While the news has shocked some Conservatives, these three MPs were the politicians who were seen as the most likely to quit. Both Sarah Wollaston and Heidi Allen are regarded by many colleagues as independent MPs anyway – both taking positions which frequently go against the governments. There is more surprise that Anna Soubry has decided to go. Although Soubry has been very vocal about her dismay at the government’s Brexit position, she is seen as someone who has strong Conservative values in other areas.
This is in part why the news of these three MPs joining the new group is likely to met with some relief by Labour high command. Speaking to Labour politicians and staffers in recent days, there was a view in some quarters that any Tory involvement would prove helpful to Corbyn in deterring more departures. This is for two reasons. Firstly, it makes it easier for Labour to attack – they can accuse former colleague of working with Tories. Secondly, the fact that former Conservative MPs are in it could put off unhappy tribal Labour MPs from making the jump. Soubry’s voting record on austerity can easily be weaponised by Labour. Notably, Momentum have quickly gone on the offensive: ‘It’s clear that the new party is a Blairite-Tory coalition aimed at resurrecting a dead agenda of privatisation, deregulation and tax cuts for the super rich’.

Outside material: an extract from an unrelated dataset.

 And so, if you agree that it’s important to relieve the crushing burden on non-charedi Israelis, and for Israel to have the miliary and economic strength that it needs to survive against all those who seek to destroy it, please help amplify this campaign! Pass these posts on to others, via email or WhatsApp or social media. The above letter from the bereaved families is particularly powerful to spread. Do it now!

It’s now on the new group to show what they are about – and how they plan to bring this coalition of views together. It could be that this is the beginning of the much-hyped realignment of politics – but for not at least the group appears to be a party made up of second referendum campaigners. More MPs from both the Conservatives and Labour could now follow – particularly those in both parties currently facing deselection threats. However, the involvement of Tories so early on could be enough to at least slow down the pace of Labour defections.